» HOW TO COMPLETE THIS TASK
Your output consists solely of the lines from the one that contains "Συμπεριλαμβάνει δύο φιγούρες" to the end of the material, each reproduced exactly; pictures do not belong in it.

» DATA EXCERPT
+ + + +

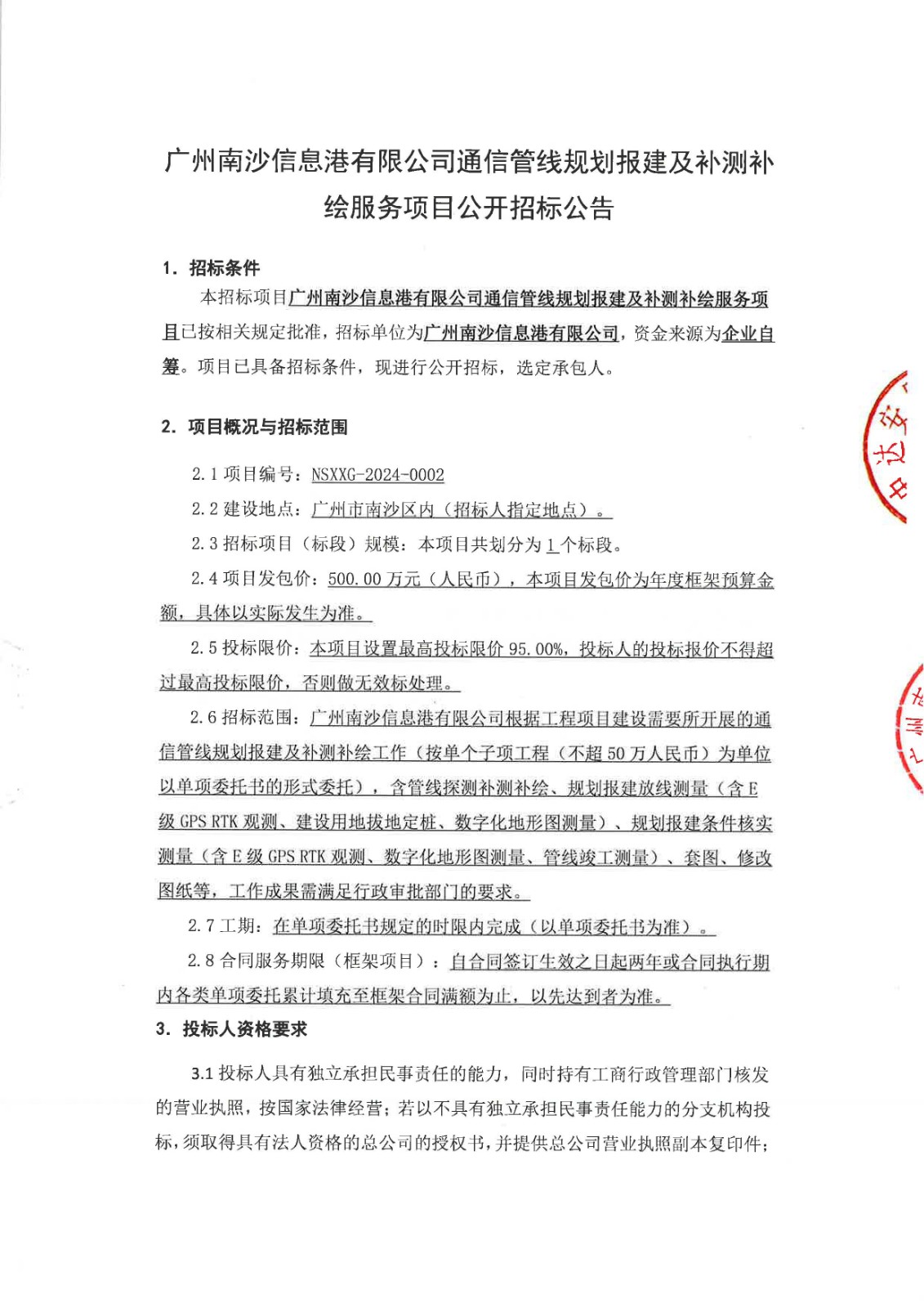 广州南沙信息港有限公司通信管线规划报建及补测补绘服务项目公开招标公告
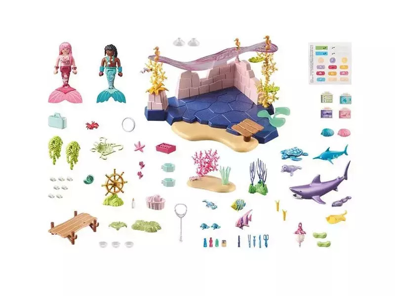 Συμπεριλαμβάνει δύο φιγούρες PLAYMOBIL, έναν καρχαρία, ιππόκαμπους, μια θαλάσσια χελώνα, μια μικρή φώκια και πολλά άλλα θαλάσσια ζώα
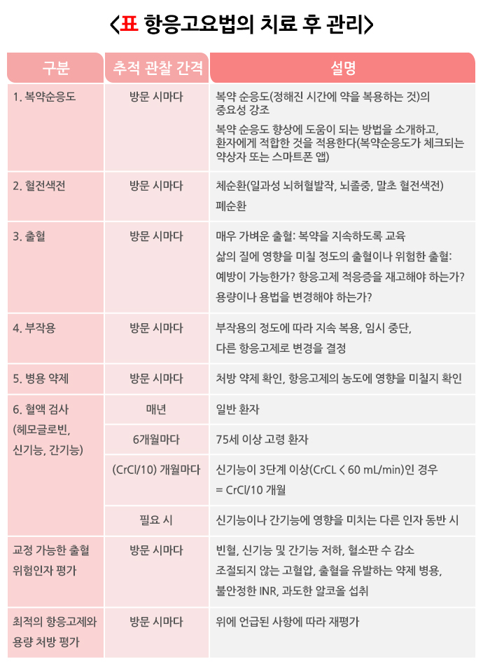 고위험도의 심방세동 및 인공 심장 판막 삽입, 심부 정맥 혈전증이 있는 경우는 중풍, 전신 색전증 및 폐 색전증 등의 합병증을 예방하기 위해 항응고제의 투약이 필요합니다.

+ + + +

» OUTPUT OF THE TASK
 Συμπεριλαμβάνει δύο φιγούρες PLAYMOBIL, έναν καρχαρία, ιππόκαμπους, μια θαλάσσια χελώνα, μια μικρή φώκια και πολλά άλλα θαλάσσια ζώα
 고위험도의 심방세동 및 인공 심장 판막 삽입, 심부 정맥 혈전증이 있는 경우는 중풍, 전신 색전증 및 폐 색전증 등의 합병증을 예방하기 위해 항응고제의 투약이 필요합니다.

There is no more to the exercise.